Welche Auswirkungen hat die kommende Totalsperrung der Zentralbahn zwischen Meiringen und Interlaken auf die Fahrgäste?
Für die Fahrgäste ist die Totalsperrung der Zentralbahn zwischen Meiringen und Interlaken spürbar. Züge werden in dieser Zeit durch Busse ersetzt, was zu längeren Reisezeiten und Umsteigeverbindungen führt. Die Zentralbahn stellt jedoch sicher, dass alle Verbindungen erhalten bleiben und Reisende frühzeitig über Änderungen informiert werden.
Auch wenn die Einschränkungen vorübergehend unbequem erscheinen, lohnt sich die Geduld. Nach der Sperre profitieren Fahrgäste von pünktlicheren Zügen, modernen Bahnhöfen und einer insgesamt stabileren Infrastruktur. Die langfristigen Verbesserungen überwiegen bei weitem die kurzfristigen Unannehmlichkeiten.
Ein Projekt für die Zukunft der Region
Die Totalsperrung der Zentralbahn zwischen Meiringen und Interlaken ist weit mehr als eine blosse Baumassnahme. Sie ist ein Zukunftsprojekt, das die Brienzerlinie grundlegend modernisiert und für die nächsten Jahrzehnte rüstet.
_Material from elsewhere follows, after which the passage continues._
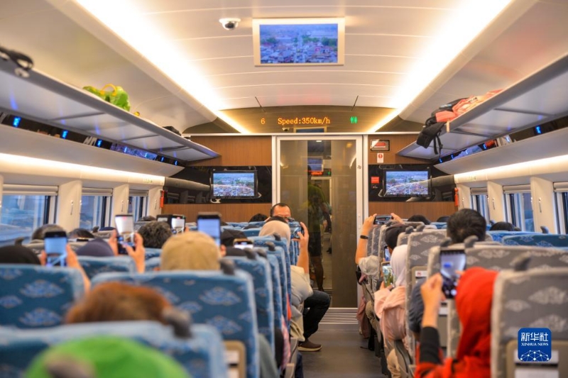 11月5日,乘客紛紛用手機在行駛中的雅萬高鐵高速動車組列車車廂內(nèi)拍攝顯示列車時速達到350公里的電子屏。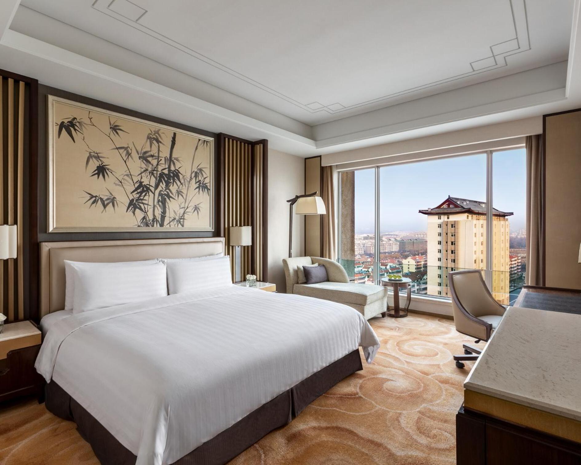 The Shangri-La Hotel, Qufu, offers a blend of classic decorations and modern amenities, providing guests with a comfortable and stylish stay. Each guestroom is tastefully decorated according to the Confucian philosophy of Six Arts, offering a unique and cultural experience.

Für die InfraTech AG bedeutet es die Chance, ihre Expertise im Bereich Elektro- und Kabelinstallationen unter Beweis zu stellen und einen entscheidenden Beitrag zur Leistungsfähigkeit der Bahn zu leisten.
Dank sorgfältiger Planung, enger Abstimmung mit allen Partnern und einem engagierten Team wird die Sperre zu einem Katalysator für Fortschritt und Innovation. Wenn am 22. Dezember 2025 wieder Züge zwischen Meiringen und Interlaken rollen, wird die Region nicht nur eine modernisierte Strecke, sondern ein klares Signal für die Zukunft des öffentlichen Verkehrs im Berner Oberland erhalten.